Given material:
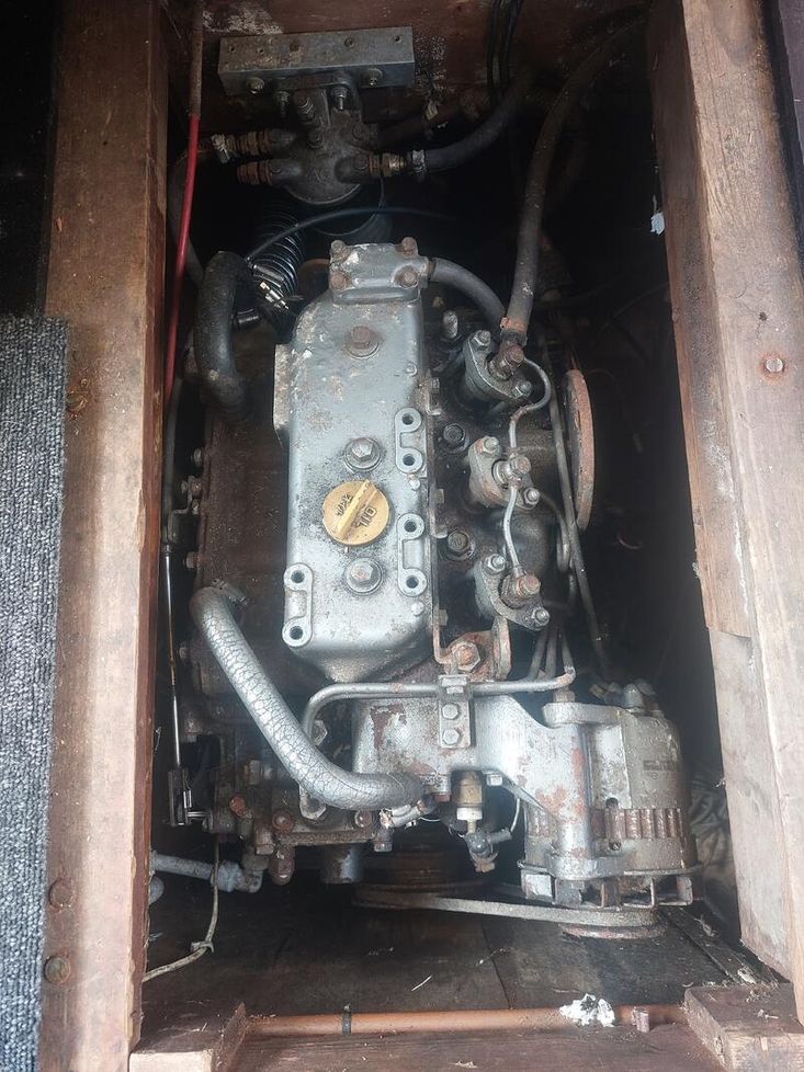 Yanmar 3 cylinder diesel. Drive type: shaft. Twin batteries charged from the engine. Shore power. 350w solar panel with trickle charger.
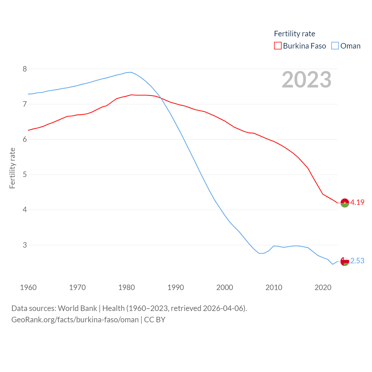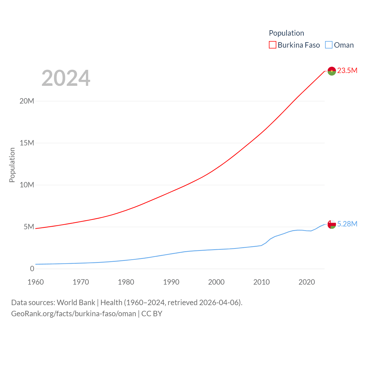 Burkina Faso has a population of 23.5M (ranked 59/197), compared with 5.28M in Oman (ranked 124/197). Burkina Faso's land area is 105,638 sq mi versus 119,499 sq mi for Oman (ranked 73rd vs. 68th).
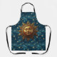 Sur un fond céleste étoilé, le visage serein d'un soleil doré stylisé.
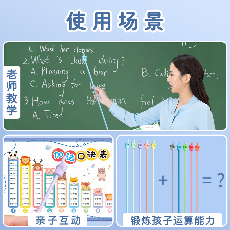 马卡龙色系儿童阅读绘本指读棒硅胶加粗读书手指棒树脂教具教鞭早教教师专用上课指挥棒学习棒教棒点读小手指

The problem: Output the whole listing without change. Any picture is to be left out.

Written reply:
 Yanmar 3 cylinder diesel. Drive type: shaft. Twin batteries charged from the engine. Shore power. 350w solar panel with trickle charger.
 Burkina Faso has a population of 23.5M (ranked 59/197), compared with 5.28M in Oman (ranked 124/197). Burkina Faso's land area is 105,638 sq mi versus 119,499 sq mi for Oman (ranked 73rd vs. 68th).
 Sur un fond céleste étoilé, le visage serein d'un soleil doré stylisé.
 马卡龙色系儿童阅读绘本指读棒硅胶加粗读书手指棒树脂教具教鞭早教教师专用上课指挥棒学习棒教棒点读小手指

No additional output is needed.